Concepedia

Concept

applied physiology

Parents

Children

139.1K

Publications

8.1M

Citations

270.1K

Authors

18K

Institutions

Integrated Cardio-Muscular Physiology

1920 - 1949

During the 1920-1949 interval, physiology increasingly treated the cardiovascular and muscular systems as an integrated whole, linking heartbeat mechanics, energy regulation, and autonomic control with measures of cardiac output, reflex regulation, and postural effects. Skeletal muscle energetics focused on phosphagen systems, phosphate diffusion, and electrolyte balance, connecting substrate supply to contraction power and external work across humans and animals. The field emphasized viscoelastic properties, contraction duration, and fatigue as limits on performance, while cross-system methodologies unified circulatory, muscular, and neural physiology across species. Historical Significance: The period yielded foundational concepts that shaped later physiology, including a quantitative energy-cost model for muscle activity describing heat generation and shortening dynamics, and an optimization principle that physiological systems minimize work across circulation, locomotion, and tissue metabolism. Early graphical methods for recording cardiac cycles and demonstrations of autonomic regulation during movement also emerged, guiding future cardiovascular diagnostics and exercise physiology.

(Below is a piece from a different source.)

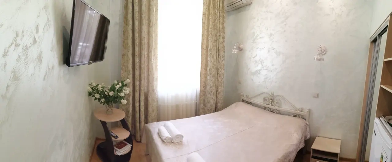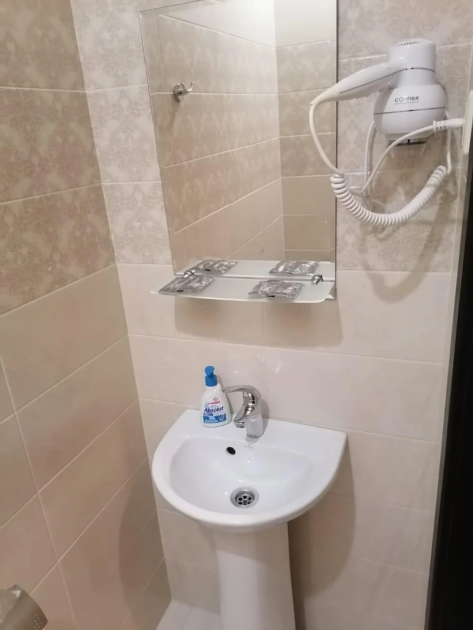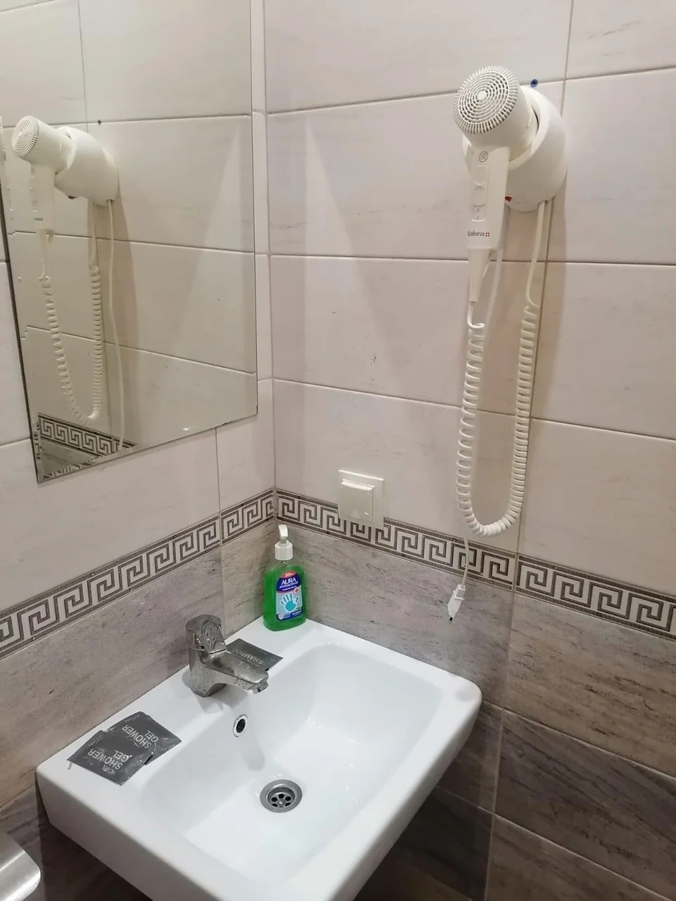 Требуется ремонт душевой кабины (лейка забита известковым налетом, неисправны направляющие дверей душевой кабины, текут уплотнения). Матрас продавлен, кровать скрипела. На диаане следы прошлых гостей. Волосы по полу в момент заезда, и потом никуда не девались. Качество уборки оставляет желать лучшего, в том числе и сантехника не моется. Полотенца старые и не простиранные. Вентиляция в ванной комнате не работает. Очень душно в номере.

Cardiac function emerges as an integrated system linking heartbeat mechanism, myocardial energy regulation, and autonomic control, with concurrent measurements of cardiac output, postural effects, and reflex regulation across studies of heart beat mechanics, energy regulation, and neural control [1], [4], [6], [10], [17], [18].

Skeletal muscle energetics center on phosphagen metabolism, phosphate diffusion, and electrolyte balance, connecting substrate availability to contraction power and external work in both humans and animals [2], [9], [12], [15], [16], [20].

Mechanical properties and contraction dynamics emphasize viscoelastic behavior, contraction duration and muscle contractures as determinants of performance and fatigue, revealing mechanical limits of muscle function [2], [9], [13], [14], [20].

General physiology frameworks and cross-system methodologies provide overarching measurement principles and cross-tissue comparisons that unify circulatory, muscular, and neural physiology across species [3], [7], [8], [19].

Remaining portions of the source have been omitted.